■ **Supplied information**:
########
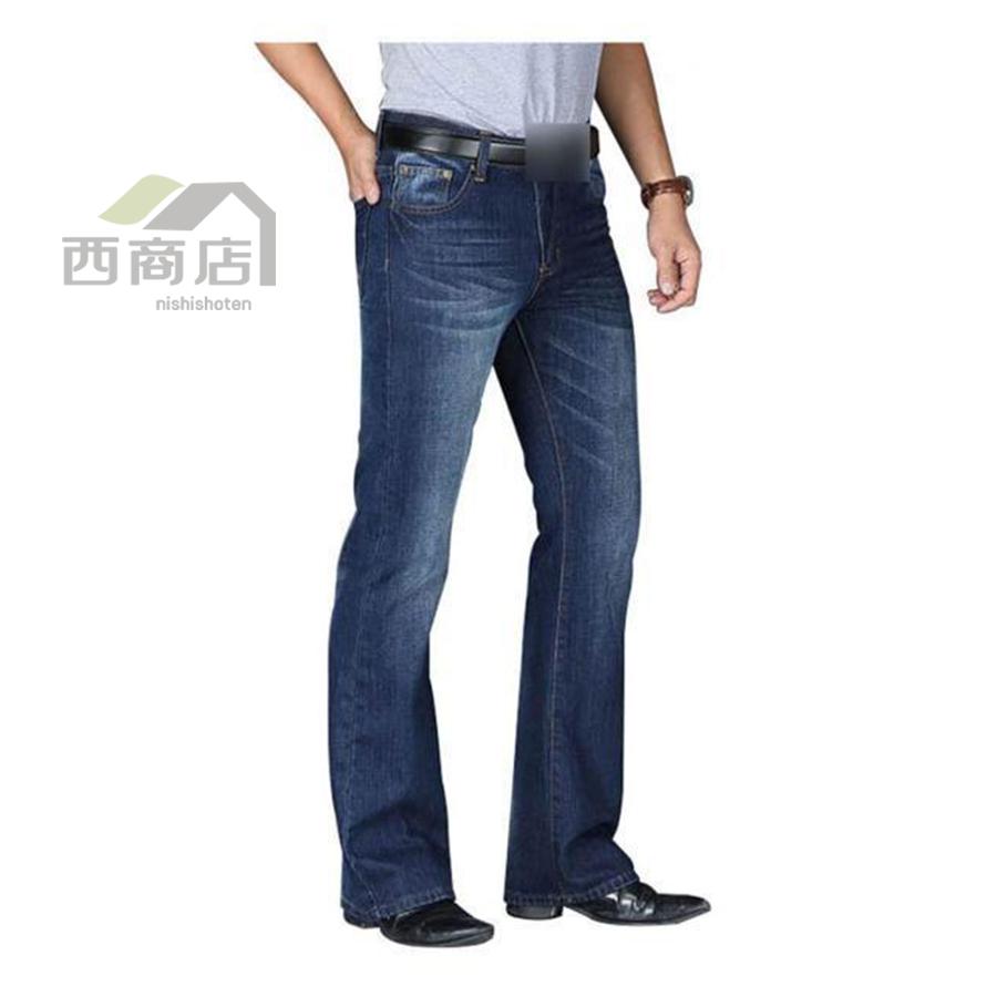 デニムパンツ メンズ 男性フレアジーンズブーツカットデニムパンツ快適な古典的な緩いカジュアルブルーのズボン
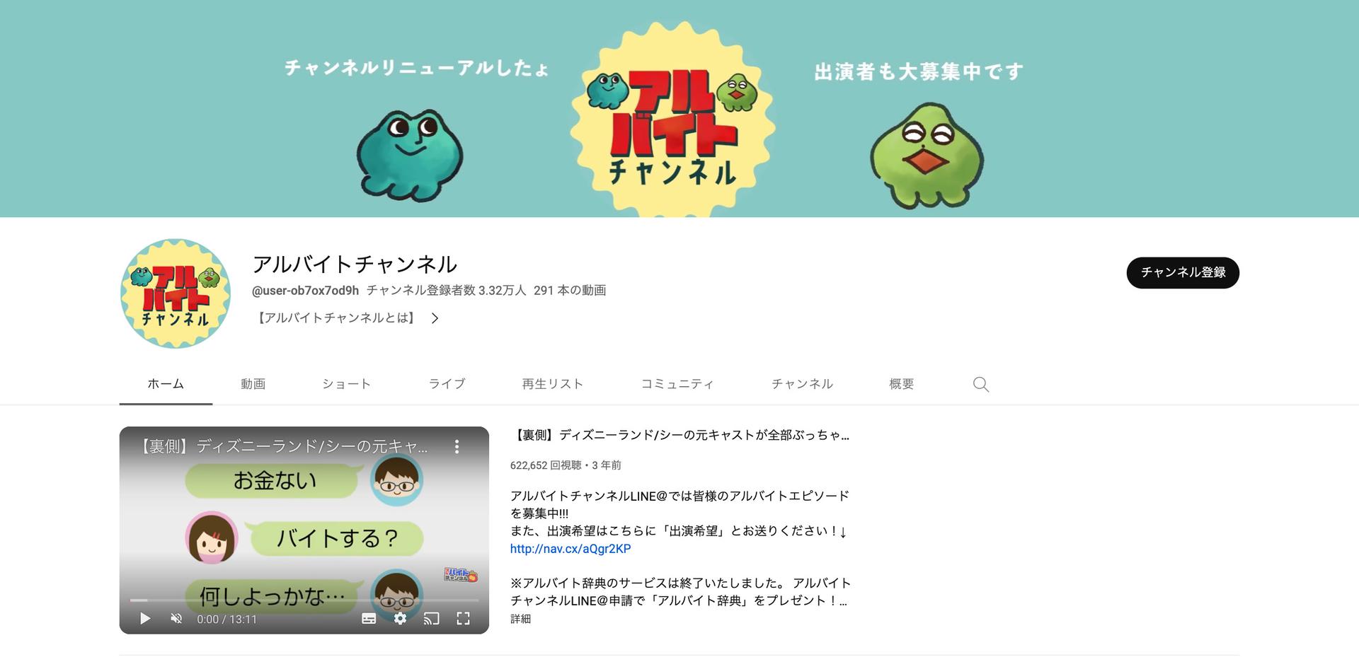 学生向けにエンタメを混ぜながら、さまざまなアルバイトのやりがい・賃金などを紹介するチャンネルです。
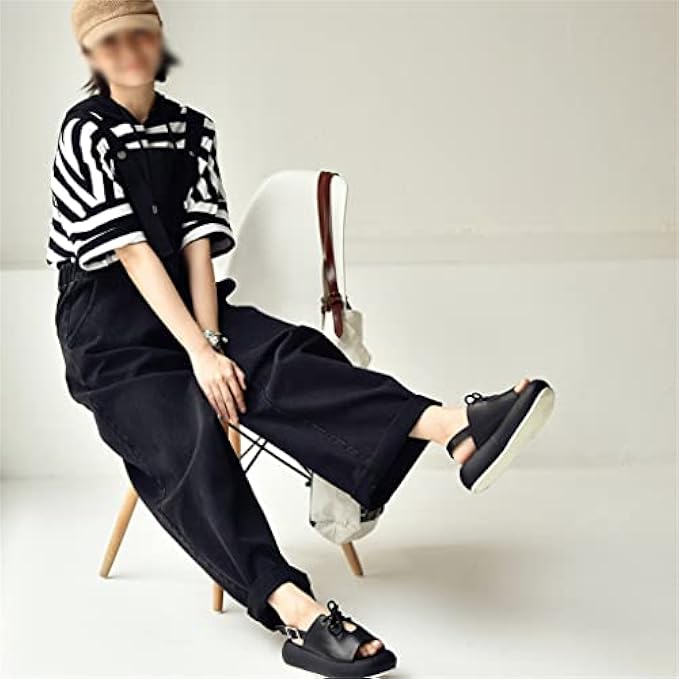 DSFEOIGY Literature and Art Leisure Fashion Loose Comfortable Broad Leg Along Jeans Straps Trousers (Color : Blac, Size : L Code)
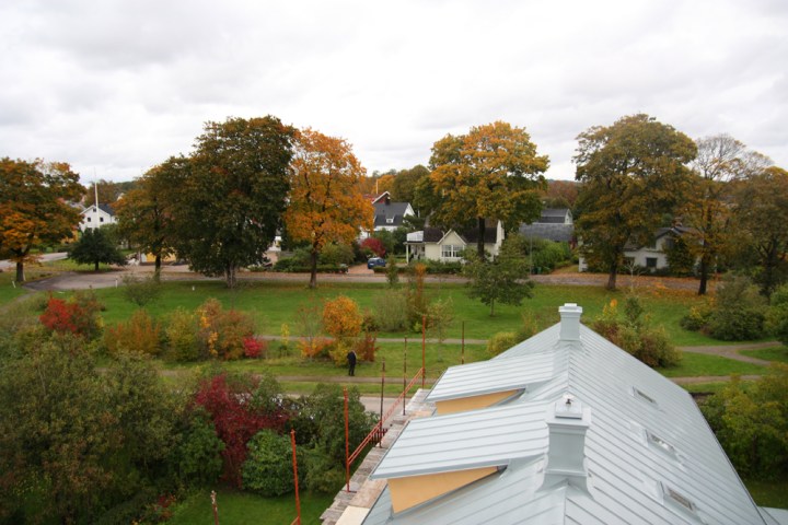 Vackra höstfärger i Järnvägsparken. Huset har numera två skorstenar precis som i original.
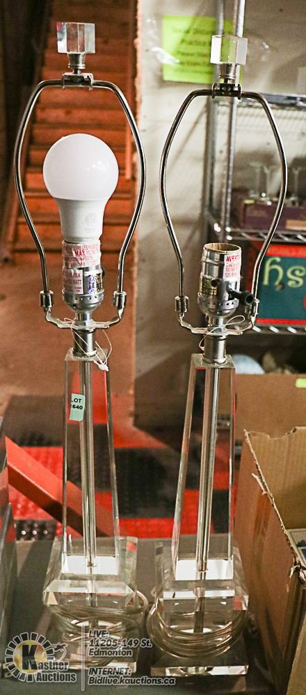 LOT OF 2 GLASS LAMPS NO SHADES
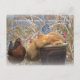 Este cartão postal apresenta galinhas revezando-se no trono do vaso de flores!
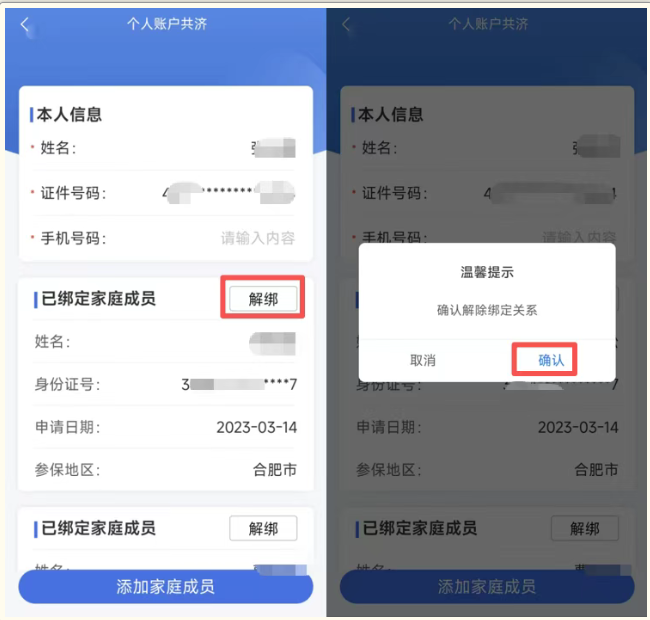 个人账号共济家庭成员绑定成功后
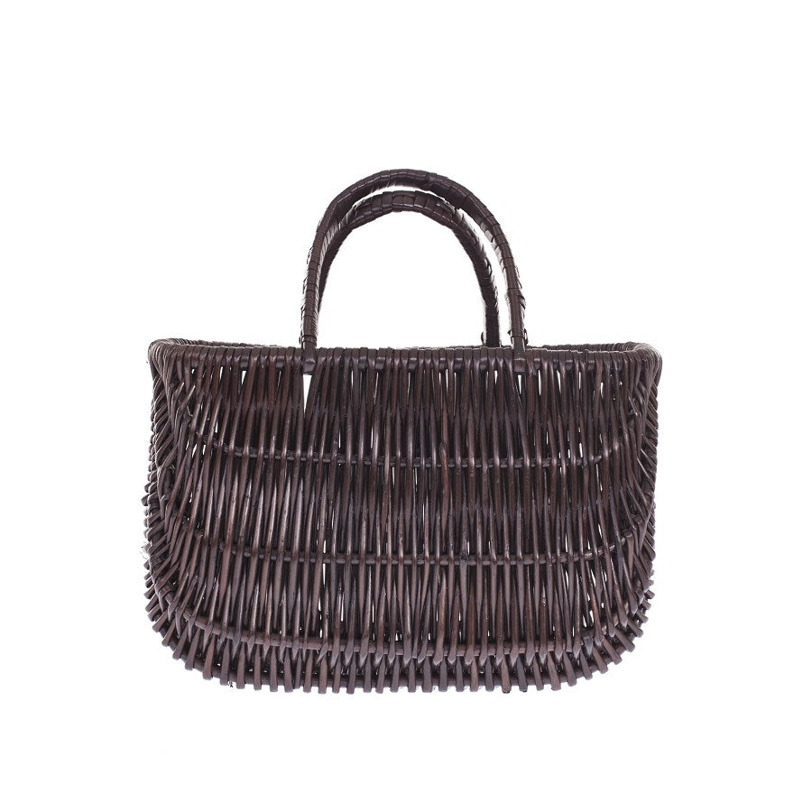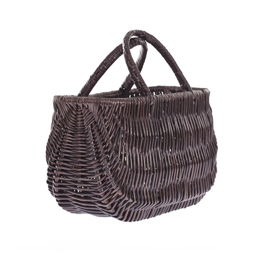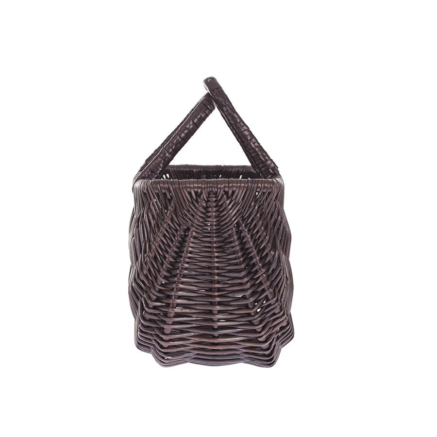 Ten wiklinowy kosz na zakupy w formie torby ma gęsty, falisty splot i podwójne, łukowate uchwyty. Rant jest starannie wywinięty, a ścianki płynnie przechodzą w stabilne dno. Ciemny brąz podkreśla naturalny charakter i pasuje do wielu stylów. Lekka, a zarazem solidna konstrukcja pewnie chroni zawartość.
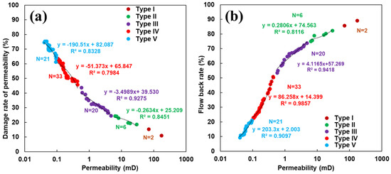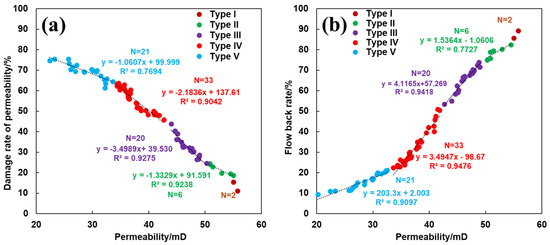 (a) The relationship between the permeability damage rate and the permeability of tight sandstone; (b) the relationship between the flowback rate and the permeability of reservoir of tight sandstone.
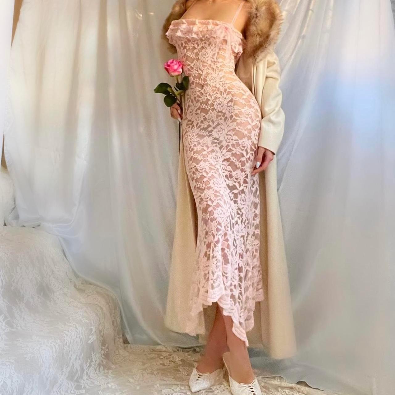 Made from a high-quality vintage embroidered lace fabric, features a raw silk bow & light pink satin straps. Is see through!
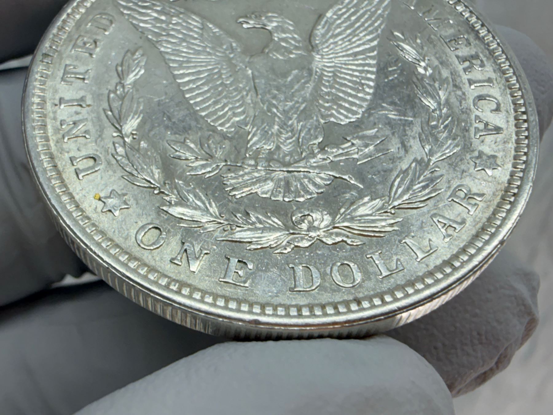 THE MORGAN SILVER DOLLAR IS 90 PERCENT SILVER AND 10 PERCENT COPPER WITH A TOTAL WEIGHT OF 26.73 GRAMS, CONTAINS 0.77344 TROY OUNCE OF PURE SILVER, AND WAS MINTED FROM 1878-1904 AND 1921
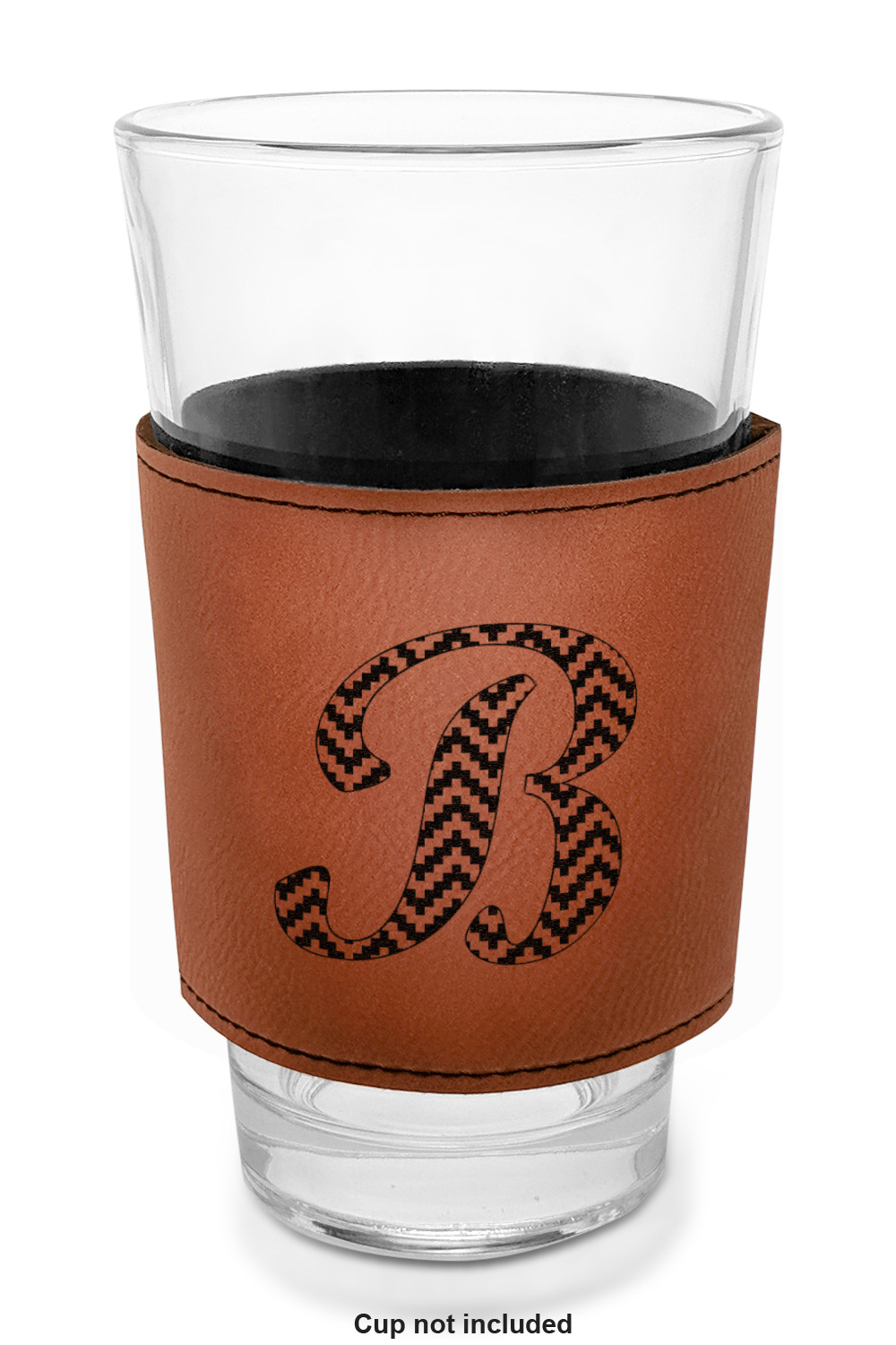 This cup sleeve is made from a suave, cognac-brown leatherette and finished with an intricate, black stitch. The interior of this can sleeve is fabricated from a thin foam material to help insulate your mug's contents. The sleeve is specifically made to suit tapered glasses or mugs, so the top's diameter is 3.5 inches, while the bottom's diameter is 2.75 inches. Your customized design will be laser engraved into the leatherette, leaving behind crisp, black imprint. With these products, we provide you with the option of engraving the front and back, or the front only.
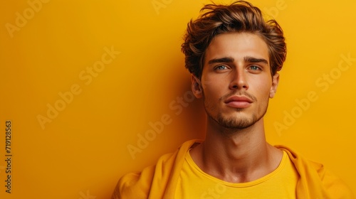 minimalist vivid advertisment background with handsome suprhero and copy space
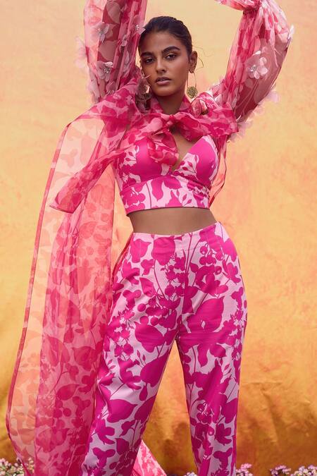 Pink floral print cape featuring 3D embellishments and a tie-up neckline. Paired with a matching printed bustier and pant.
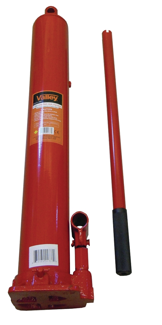 The hydraulic ram extends from 24 to 44-1/2 Baked enamel finish with lead free paint to prevent rust | Large 5 x 4-1/2 flat base for stability
########
■ **Work request**: With the images omitted, retype the records above exactly.

■ **Response**:
 デニムパンツ メンズ 男性フレアジーンズブーツカットデニムパンツ快適な古典的な緩いカジュアルブルーのズボン
 学生向けにエンタメを混ぜながら、さまざまなアルバイトのやりがい・賃金などを紹介するチャンネルです。
 DSFEOIGY Literature and Art Leisure Fashion Loose Comfortable Broad Leg Along Jeans Straps Trousers (Color : Blac, Size : L Code)
 Vackra höstfärger i Järnvägsparken. Huset har numera två skorstenar precis som i original.
 LOT OF 2 GLASS LAMPS NO SHADES
 Este cartão postal apresenta galinhas revezando-se no trono do vaso de flores!
 个人账号共济家庭成员绑定成功后
 Ten wiklinowy kosz na zakupy w formie torby ma gęsty, falisty splot i podwójne, łukowate uchwyty. Rant jest starannie wywinięty, a ścianki płynnie przechodzą w stabilne dno. Ciemny brąz podkreśla naturalny charakter i pasuje do wielu stylów. Lekka, a zarazem solidna konstrukcja pewnie chroni zawartość.
 (a) The relationship between the permeability damage rate and the permeability of tight sandstone; (b) the relationship between the flowback rate and the permeability of reservoir of tight sandstone.
 Made from a high-quality vintage embroidered lace fabric, features a raw silk bow & light pink satin straps. Is see through!
 THE MORGAN SILVER DOLLAR IS 90 PERCENT SILVER AND 10 PERCENT COPPER WITH A TOTAL WEIGHT OF 26.73 GRAMS, CONTAINS 0.77344 TROY OUNCE OF PURE SILVER, AND WAS MINTED FROM 1878-1904 AND 1921
 This cup sleeve is made from a suave, cognac-brown leatherette and finished with an intricate, black stitch. The interior of this can sleeve is fabricated from a thin foam material to help insulate your mug's contents. The sleeve is specifically made to suit tapered glasses or mugs, so the top's diameter is 3.5 inches, while the bottom's diameter is 2.75 inches. Your customized design will be laser engraved into the leatherette, leaving behind crisp, black imprint. With these products, we provide you with the option of engraving the front and back, or the front only.
 minimalist vivid advertisment background with handsome suprhero and copy space
 Pink floral print cape featuring 3D embellishments and a tie-up neckline. Paired with a matching printed bustier and pant.
 The hydraulic ram extends from 24 to 44-1/2 Baked enamel finish with lead free paint to prevent rust | Large 5 x 4-1/2 flat base for stability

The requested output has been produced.